Because the quantity dS = d′Qmax/ Higher-order equations are also called exact if they are the result of differentiating a lower-order equation. For example, the second-order equation p(x)y″ + q(x)y′ + r(x)y = 0 is exact if there is a first-order expression p(x)y′ + s(x)y such that its derivative is the given equation.

## What does the existence and uniqueness theorem say about the correspond ing solution?

The existence theorem is used to check whether there exists a solution for an ODE, while the uniqueness theorem is used to check whether there is one solution or infinitely many solutions.

**How do you differentiate a second-order differential equation?**

A linear second order differential equation is written as y” + p(x)y’ + q(x)y = f(x), where the power of the second derivative y” is equal to one which makes the equation linear. Some of its examples are y” + 6x = 5, y” + xy’ + y = 0, etc.

**What is the second order differential equation?**

Definition A second-order ordinary differential equation is an ordinary differential equation that may be written in the form. x”(t) = F(t, x(t), x'(t)) for some function F of three variables.

### What is the existence and uniqueness theorem for second-order differential equations?

The simplest Existence and Uniqueness Theorem (EUT) for second-order differential equations is one that is a natural extension of the result we saw in Section 2.8. Suppose we have a second-order IVP d2y dt2 = f(t, y, ˙ y), with y(t0) = y0 and ˙ y(t0) = ˙ y0.
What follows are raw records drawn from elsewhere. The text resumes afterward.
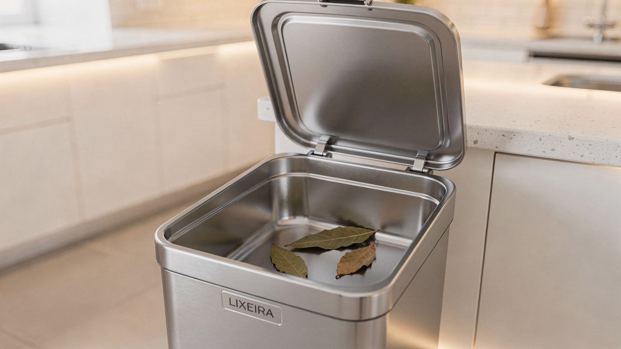 O truque da folha de louro no fundo da lixeira afasta as moscas de frutas rapidamente e neutraliza aquele odor horrível que toma conta de toda a cozinha. Essa planta aromática e barata funciona como um poderoso repelente natural, deixando o ambiente perfeitamente limpo na rotina.
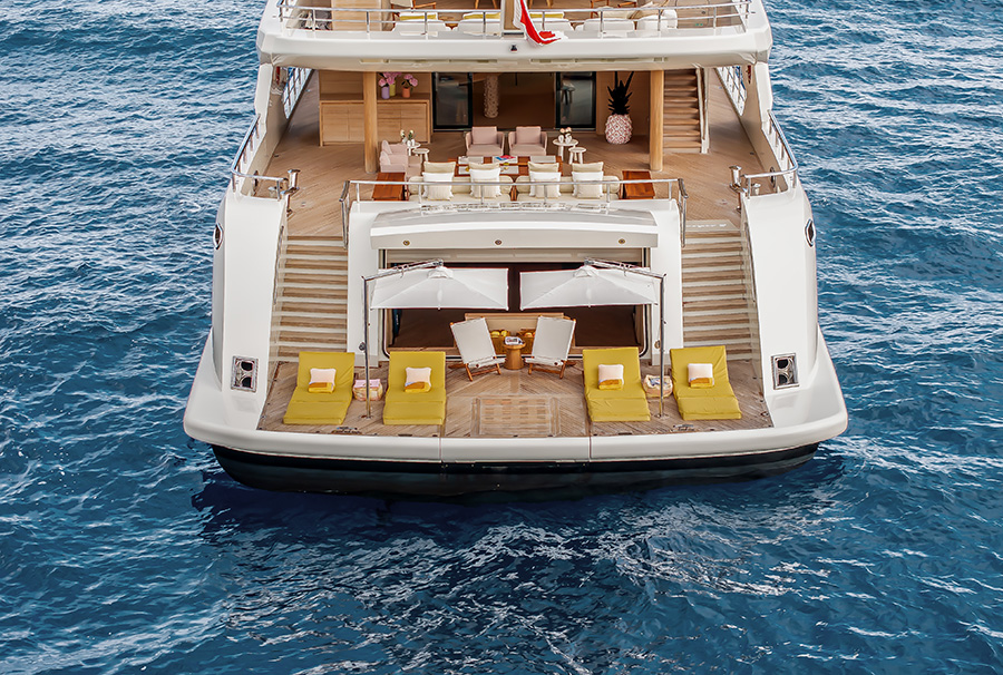 Side steps lead to the spacious bathing platform. Here, owners and guests can enjoy the proximity to the water while at anchor. A beach club is located inside.
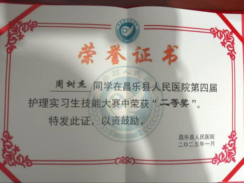 在比赛过程中,医学院实习生们展现出了青春无畏、勇往直前的精神风貌。他们沉着冷静,面对各种护理情境都能迅速做出准确的判断和应对,充分展示了医学院教育的成果和实习医院培训的质量。经过激烈的角逐,在本次昌乐县人民医院第四届护理实习生技能大赛中,周树杰同学获得了二等奖,宋雅雯、陈崇栩同学获得了三等奖。
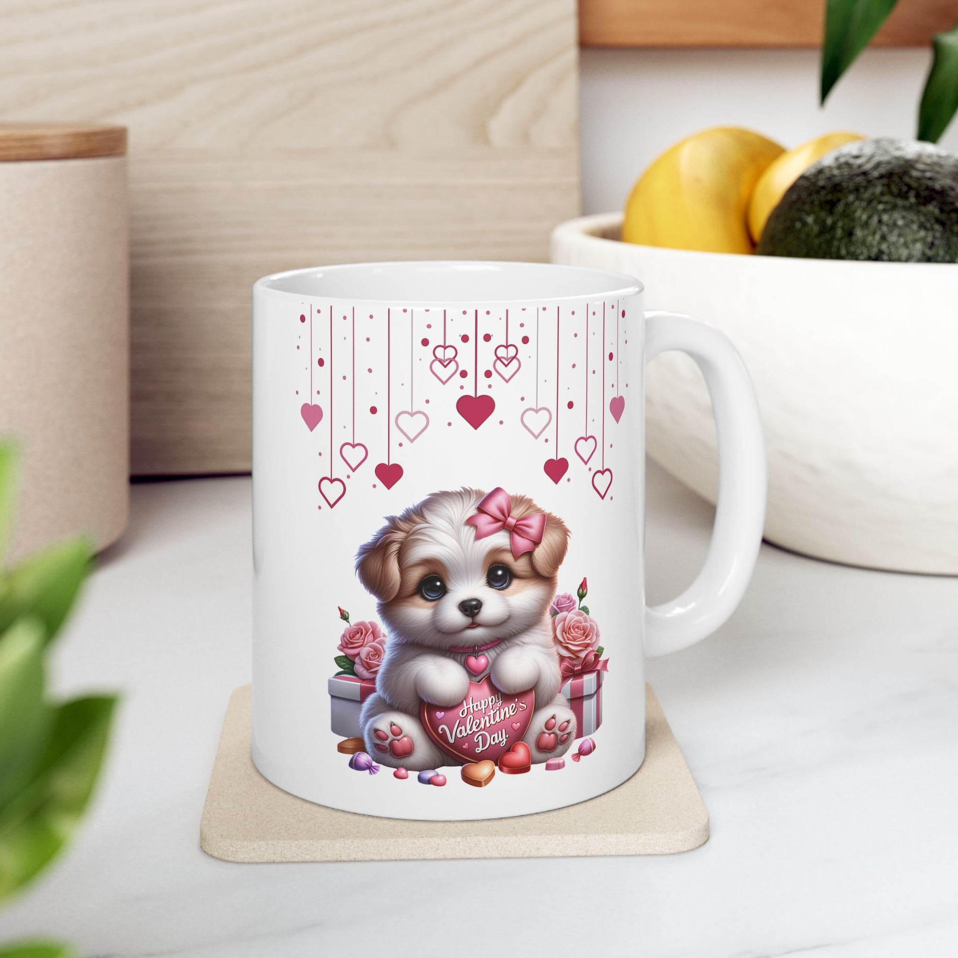 Celebrate love with the paw-fect companion, our Adorable Puppy "Happy Valentine's Day" Coffee Mug! This delightful ceramic mug features an irresistibly cute little puppy with a pink bow, lovingly holding a pink heart that reads "Happy Valentine's Day." Surrounded by delicate hanging hearts, roses, and charming gift boxes, it's a heartwarming way to express your affection to a loved one or any dog enthusiast.
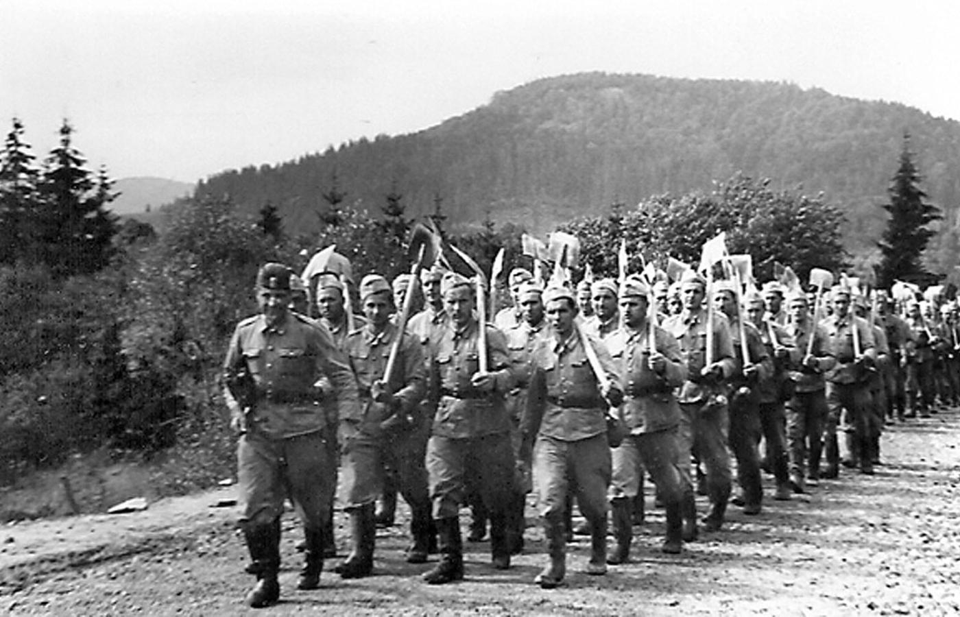 Żołnierze maszerują do pracy przy bieszczadzkich drogach…Ze zbiorów Krzysztofa Potaczały/Polityka Żołnierze maszerują do pracy przy bieszczadzkich drogach…
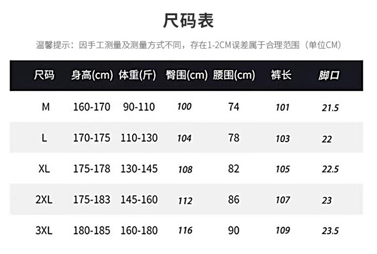 Outseam (cm) 99 cm 101.5 cm 104 cm 106.5 cm 109 cm
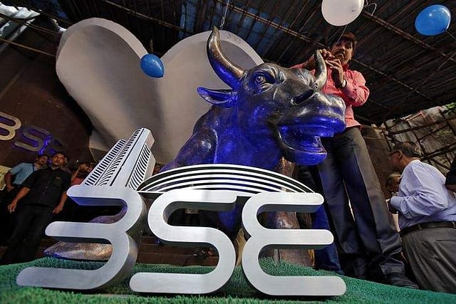 A man ties a balloon to the horns of a bull statue at the entrance of the Bombay Stock Exchange on April 26 while celebrating the Sensex index rising to over 30,000. (File Photo | Reuters)
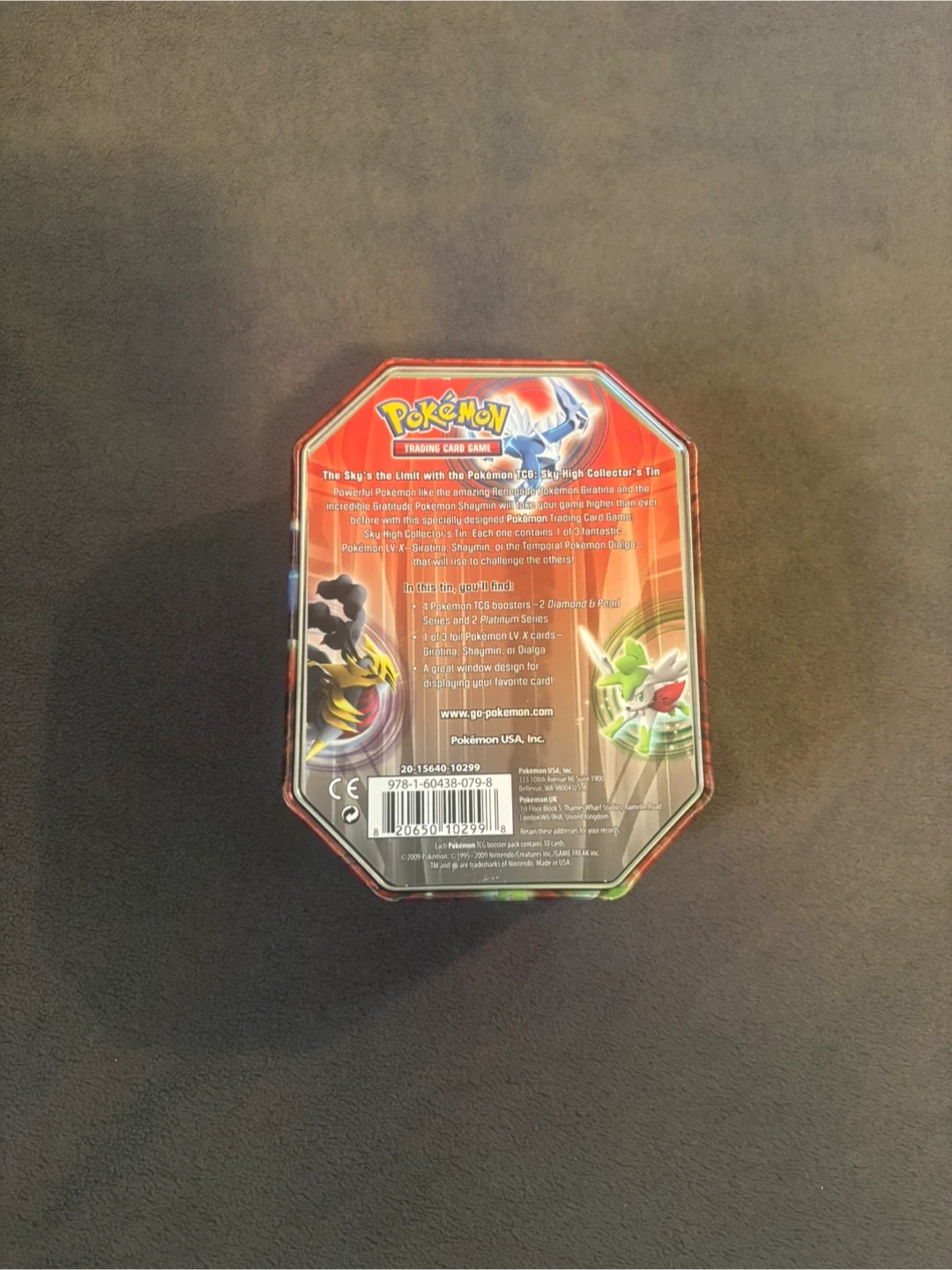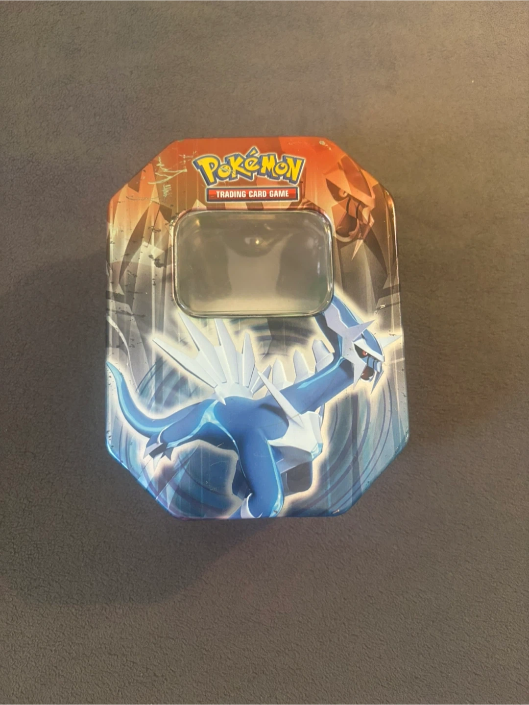 Collectible Pokemon TCG tin with awesome Dialga art on the front. Great for storing your cards or other small stuff. Has original clear plastic insert inside.

### Is there a local existence and uniqueness theorem for the SPP?

A local existence and uniqueness theorem for the SPP can be found in Ebin and Marsden paper [20]: if h and I are sufficiently close in a sufficiently high order Sobolev norm, then there is a unique shortest path. In large, uniqueness can fail for the SPP.

**What is the existence and uniqueness theorem for a rectangle?**

In terms of the Existence and Uniqueness Theorem, we have. f ( x, y) = − P ( x) y + Q ( x) and ∂ f ∂ y ( x, y) = − P ( x). But both P ( x) and Q ( x) are assumed continuous on the rectangle R = { ( x, y) | a ≤ x ≤ b, c ≤ y ≤ d } for any values of c and d, and f ( x, y) is a combination of continuous functions.

**What is the existence theorem in math?**

This is an existence theorem, which means that if the right conditions are satisfied, you can find a solution, but you are not told how to find it. In particular, you may not be able to describe the interval I without actually solving the differential equation.